□ 정부는 영아 자녀를 둔 가구의 양육을 지원하기 위해 기관 서비스 확대와 가정 내 양육 지원 등 다양한 지원정책을 시행해 오고 있음
- 영아 기관보육 활성화와 가정 내 양육지원 정책의 정책 방향이 상충됨
- 영아 양육 지원 정책에 대한 시행 주체가 다양하여 각 사업별 적정 규모에 대한 통합적인 접근 필요함
- 개별성, 정합성, 통합성을 충족시키기 위해서는 정책 수요자에 대한 면밀한 파악이 이뤄져야 하며, 현재 시행하고 있는 정책의 우선순위를 정립하여 자원의 선택과 집중이 필요함
- 본 연구의 목적은 현재 영아를 대상으로 하는 다양한 정책의 혼재 속에서 영아 양육 지원에 대한 수요자들의 명확한 욕구를 분석하고 종합적 대응 방안을 수립하는 데 있음
The purpose of this study is to analyze the demand of infant childcare support and establish the comprehensive response plan. To do this, the study identifies the history of domestic infant childcare and support policy and examines the infant childcare related data from the previous childcare support surveys, such as National Childcare Survey (2015, 2018). In addition, with parents of infants, the study performs both the survey for infant childcare by household characteristics, childcare service and residential area to investigate general demand, and the in-depth interview.

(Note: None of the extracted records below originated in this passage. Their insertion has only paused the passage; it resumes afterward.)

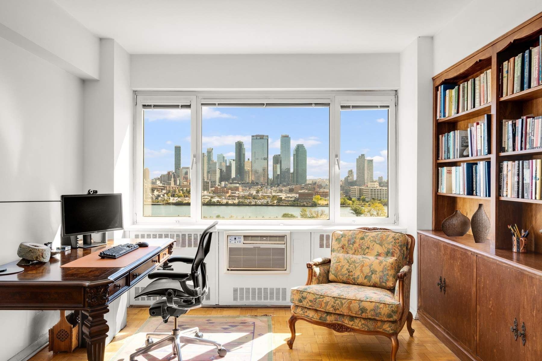 The entry foyer leads to a large gallery with nearby powder room, flowing into expansive corner living and dining rooms, bathed in natural light and sweeping river vistas. The adjacent library/fourth bedroom also showcases the same breathtaking views.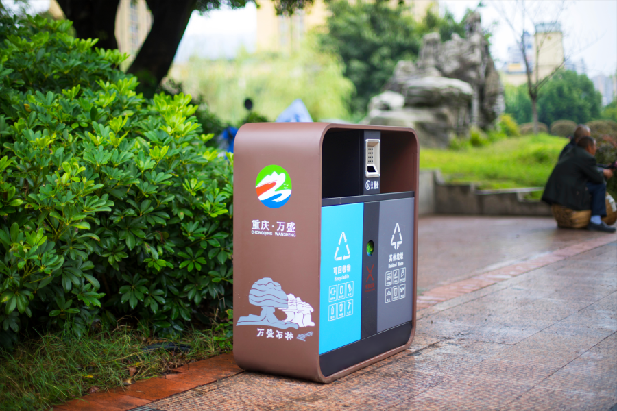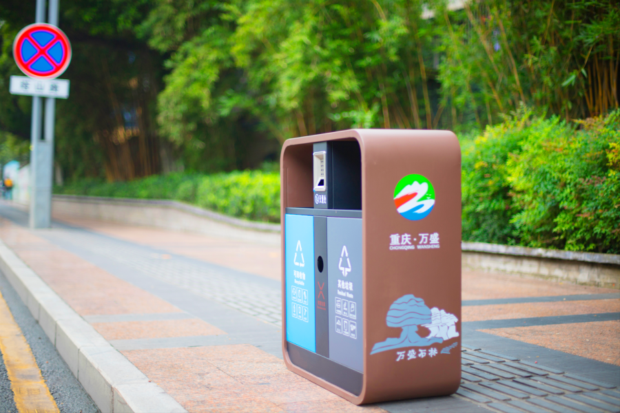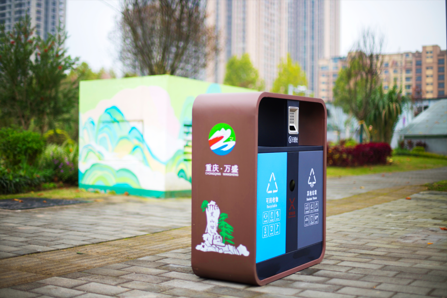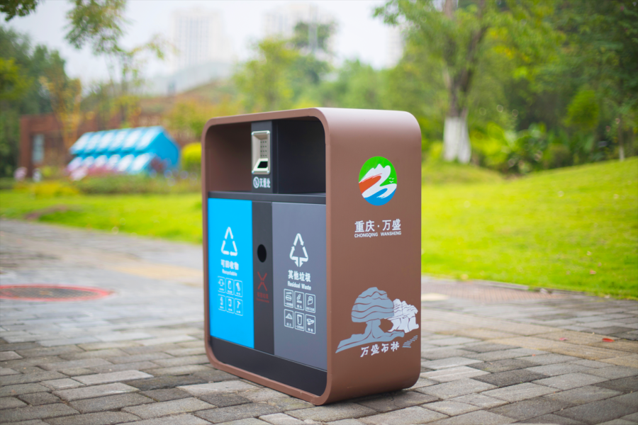 新果皮箱采用“可回收物”和“其他垃圾”二分设计,箱体融入黑山谷、石林等万盛地方特色图案,兼具实用功能与文化宣传作用,既好看,又实用。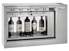 Si chiama Eurobottle C5B (nella foto a destra), la climatizzata bifacciale 5 vie dell'azienda EasyWine (www.easywine.it). Il dispenser è predisposto per contenere 5 bottiglie di riserva. Il sistema di erogazione garantisce la quantità della dose selezionata, senza più sprechi o sovradosaggi, assicurando in tal modo la redditività stessa della bottiglia. Tre diverse dosi di servizio. Date le dimensioni contenute della macchina è possibile collocarla pressoché ovunque. Erogazione semplice tramite 'un click” e adattabilità a vari formati e tipologie di bottiglie. Grazie al particolare sistema di aggancio, le bottiglie, una volta aperte non vengono manipolate evitando quindi qualsiasi tipo di contaminazione. Inoltre, il sistema di defrost automatico e l'autopulizia delle parti eroganti garantiscono un'igiene massima.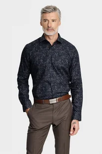 Czarna koszula męska01838C90FSA we wzór jesiennych kwiatów, wykonana z miękkiej bawełny.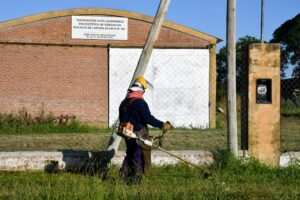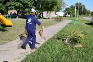 También se concretaron labores de limpieza general en accesos a la localidad, recolección de ramas, trabajos en el polideportivo municipal Américo Panzardi, con mantenimiento de techos, paredes y sanitarios, y tareas en el cementerio local, incluyendo limpieza del predio durante la jornada vespertina.

As a result, the study suggests several comprehensive policies to strengthen the direct childcare by parents for infant under 1 year old, and to accept various demand of childcare support for infants. For infant under 1 year old, the use of parental leave should be enhanced and in particular, it is needed to make fathers use parental leave for a certain period to increase the childcare participation of males continuously. Moreover, in case of (parents) direct childcare, the income preservation needs to be considered through ‘special additional childcare allowance for direct childcare’ and for single income household, it is needed to strengthen various services to support home childcare. To respond the demand of various childcare supports of the household who cares infants 1~2 years old, it is required to guarantee the selection rights for the use of time policies freely such as shortening working hours during childcare period, flexible working system, and so on. Also, the study suggests ‘Urgent Early Leave’ which is a time policy for working parents to have 3~4 times leaves a year for the purpose of taking care of their child under emergency. In addition, for dual income households who return to work after finishing the parental leave, and have the long-waiting period for childcare service institution, it is needed to establish ‘Temporary childcare support service’ more actively. As part-time workers do not join the Employment Insurance, dual income households with one part-time worker are on a blind spot for the use of the time policies, and thus it is needed to accomplish the generalization of the policies by expanding the policy target.